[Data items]
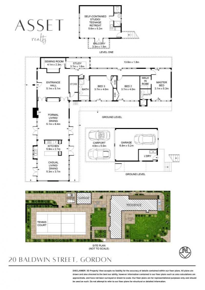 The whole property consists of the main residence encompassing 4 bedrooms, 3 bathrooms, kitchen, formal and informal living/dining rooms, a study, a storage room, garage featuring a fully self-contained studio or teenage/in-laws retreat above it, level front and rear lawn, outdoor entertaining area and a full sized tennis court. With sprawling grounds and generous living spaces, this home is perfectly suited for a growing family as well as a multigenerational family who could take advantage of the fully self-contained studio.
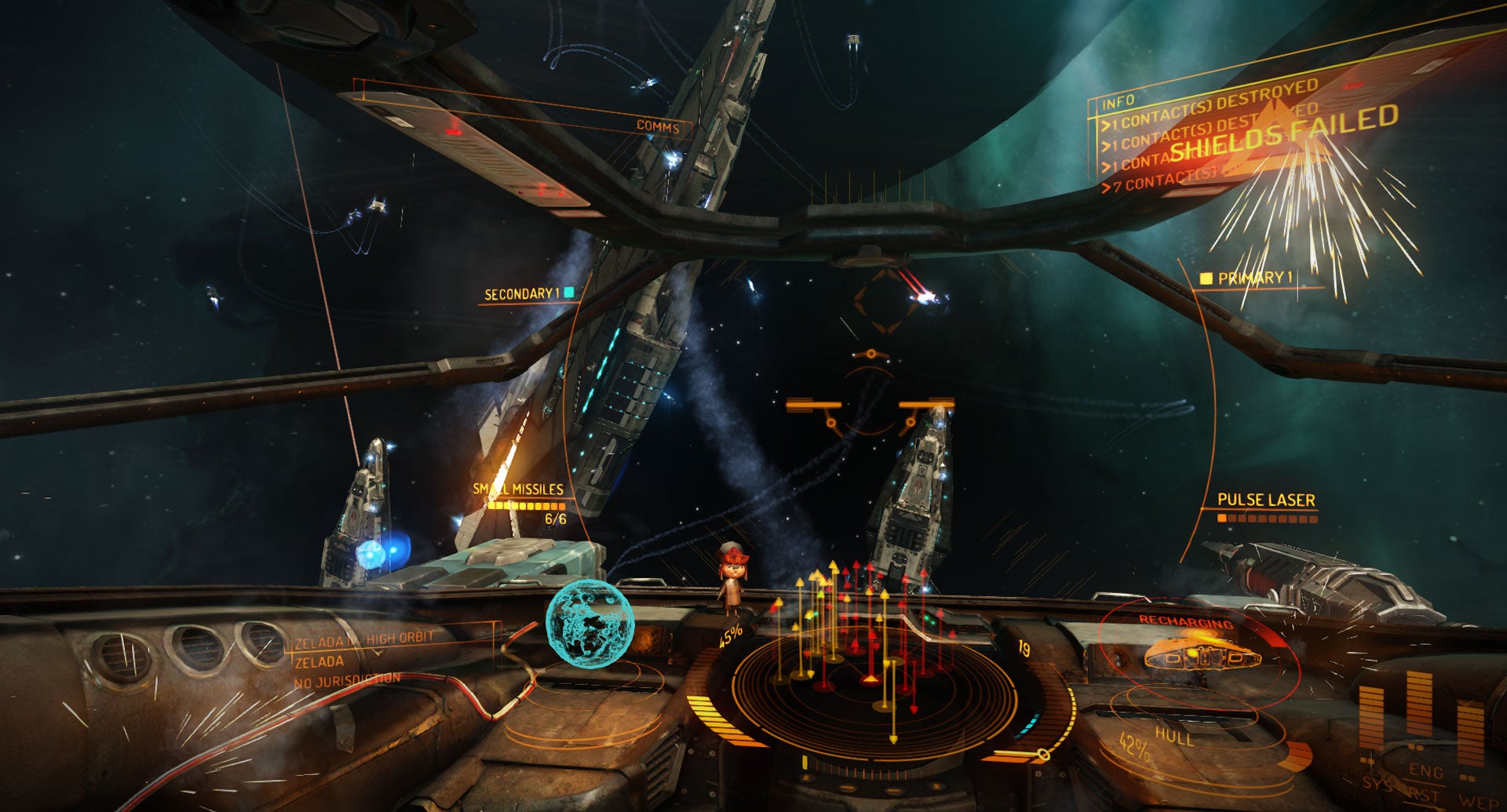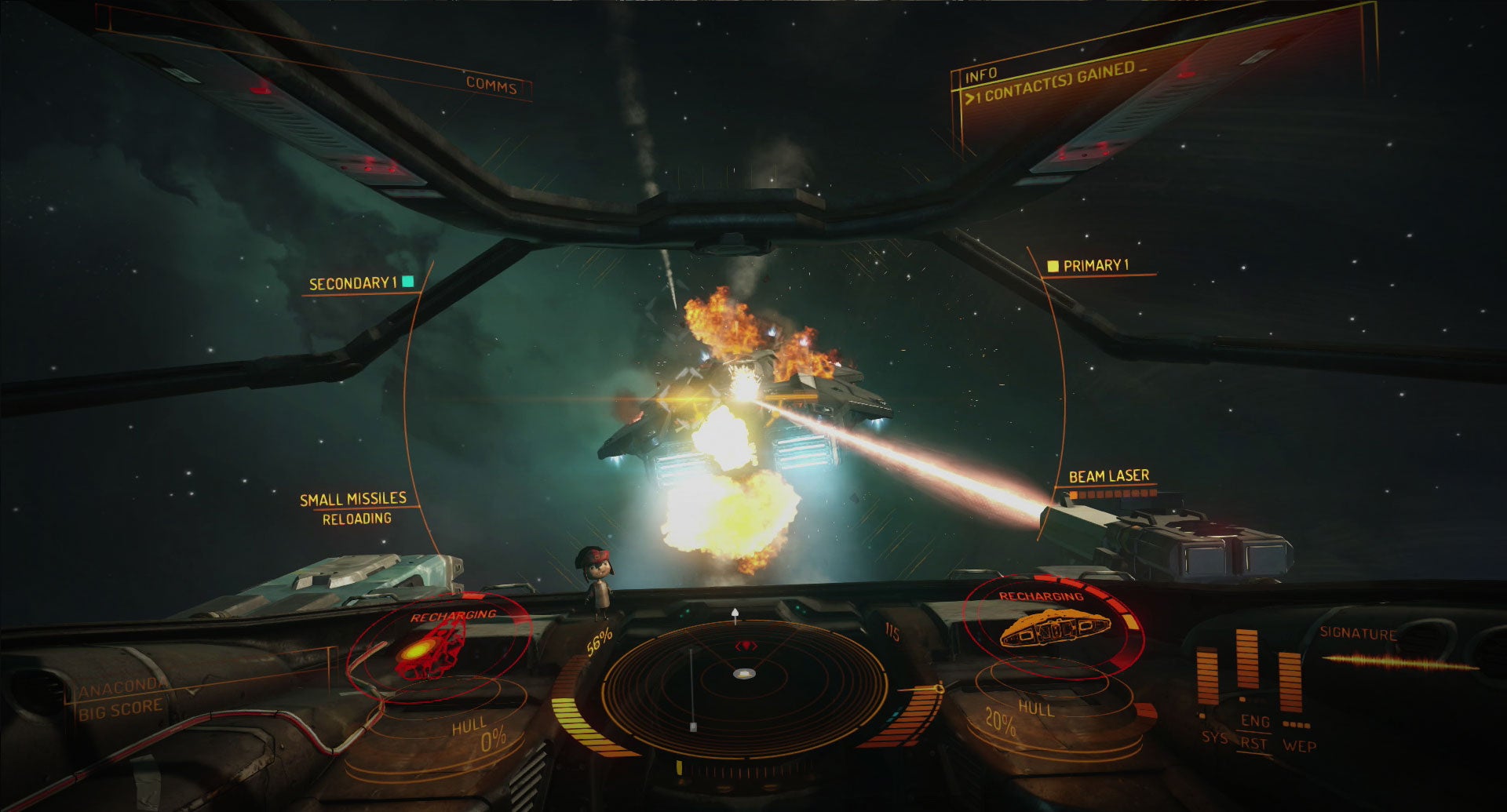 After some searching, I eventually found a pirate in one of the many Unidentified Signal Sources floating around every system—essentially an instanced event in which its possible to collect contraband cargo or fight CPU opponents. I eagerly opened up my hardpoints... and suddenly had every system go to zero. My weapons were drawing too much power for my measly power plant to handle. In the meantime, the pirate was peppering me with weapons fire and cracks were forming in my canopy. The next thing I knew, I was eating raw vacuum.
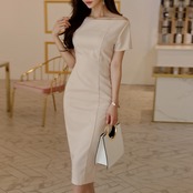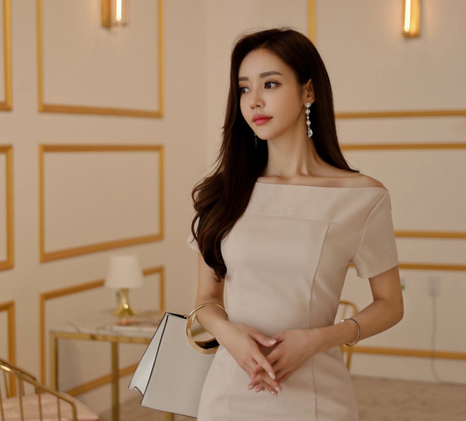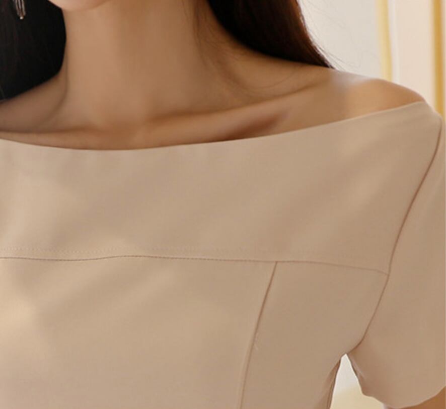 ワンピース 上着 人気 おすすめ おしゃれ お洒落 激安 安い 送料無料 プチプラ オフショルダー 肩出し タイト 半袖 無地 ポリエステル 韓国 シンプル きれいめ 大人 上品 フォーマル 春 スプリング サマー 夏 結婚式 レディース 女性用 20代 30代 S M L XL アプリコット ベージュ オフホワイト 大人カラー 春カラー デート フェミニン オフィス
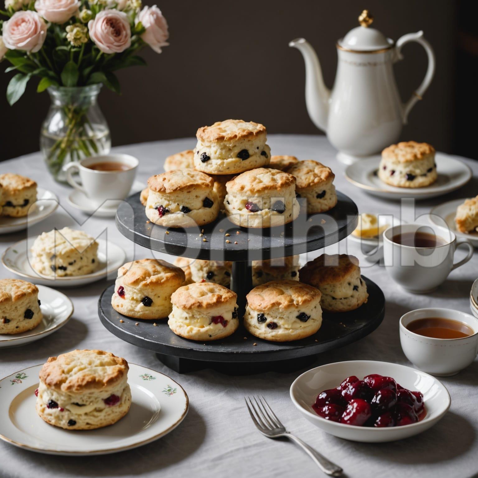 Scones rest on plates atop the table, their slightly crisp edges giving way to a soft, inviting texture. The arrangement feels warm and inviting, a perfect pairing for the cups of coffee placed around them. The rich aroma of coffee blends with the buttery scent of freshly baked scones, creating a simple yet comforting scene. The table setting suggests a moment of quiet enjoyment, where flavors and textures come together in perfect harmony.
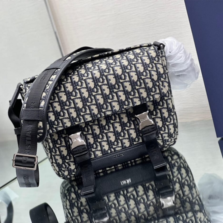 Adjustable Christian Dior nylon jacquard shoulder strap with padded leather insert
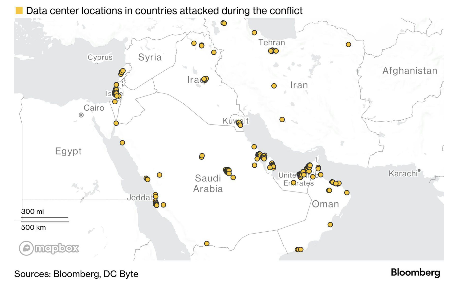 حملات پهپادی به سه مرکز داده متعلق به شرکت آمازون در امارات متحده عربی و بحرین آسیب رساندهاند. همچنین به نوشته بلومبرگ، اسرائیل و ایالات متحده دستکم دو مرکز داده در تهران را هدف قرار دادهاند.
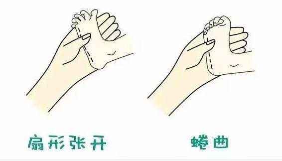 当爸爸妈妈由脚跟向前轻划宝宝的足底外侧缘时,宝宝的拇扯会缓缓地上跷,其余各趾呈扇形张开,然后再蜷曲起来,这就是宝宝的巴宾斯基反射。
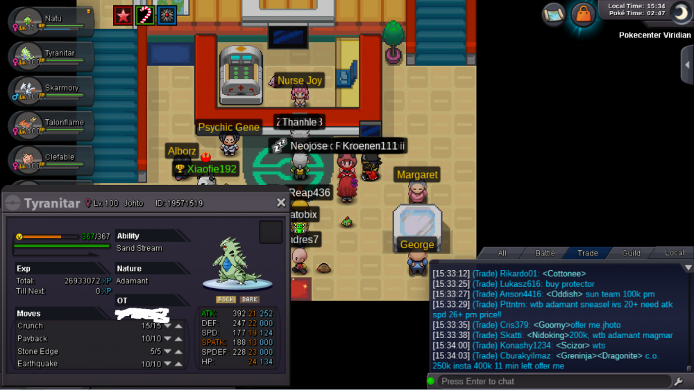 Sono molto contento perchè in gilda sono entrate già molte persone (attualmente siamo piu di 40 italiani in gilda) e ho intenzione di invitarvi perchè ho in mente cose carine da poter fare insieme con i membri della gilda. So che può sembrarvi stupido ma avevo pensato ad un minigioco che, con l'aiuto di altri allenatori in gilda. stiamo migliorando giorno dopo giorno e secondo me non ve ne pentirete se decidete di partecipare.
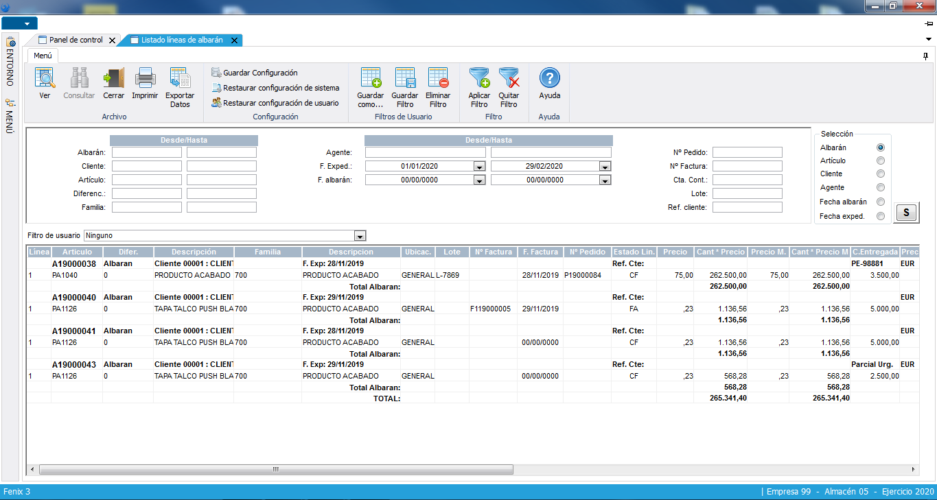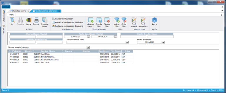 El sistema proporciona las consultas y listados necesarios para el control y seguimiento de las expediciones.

» YOUR INSTRUCTIONS
The answer is the lines above from the one with "Scones rest on" to the one with "当爸爸妈妈由脚跟向前轻划宝宝", set down exactly, with no pictures.

» RESPONSE BOX
 Scones rest on plates atop the table, their slightly crisp edges giving way to a soft, inviting texture. The arrangement feels warm and inviting, a perfect pairing for the cups of coffee placed around them. The rich aroma of coffee blends with the buttery scent of freshly baked scones, creating a simple yet comforting scene. The table setting suggests a moment of quiet enjoyment, where flavors and textures come together in perfect harmony.
 Adjustable Christian Dior nylon jacquard shoulder strap with padded leather insert
 حملات پهپادی به سه مرکز داده متعلق به شرکت آمازون در امارات متحده عربی و بحرین آسیب رساندهاند. همچنین به نوشته بلومبرگ، اسرائیل و ایالات متحده دستکم دو مرکز داده در تهران را هدف قرار دادهاند.
 当爸爸妈妈由脚跟向前轻划宝宝的足底外侧缘时,宝宝的拇扯会缓缓地上跷,其余各趾呈扇形张开,然后再蜷曲起来,这就是宝宝的巴宾斯基反射。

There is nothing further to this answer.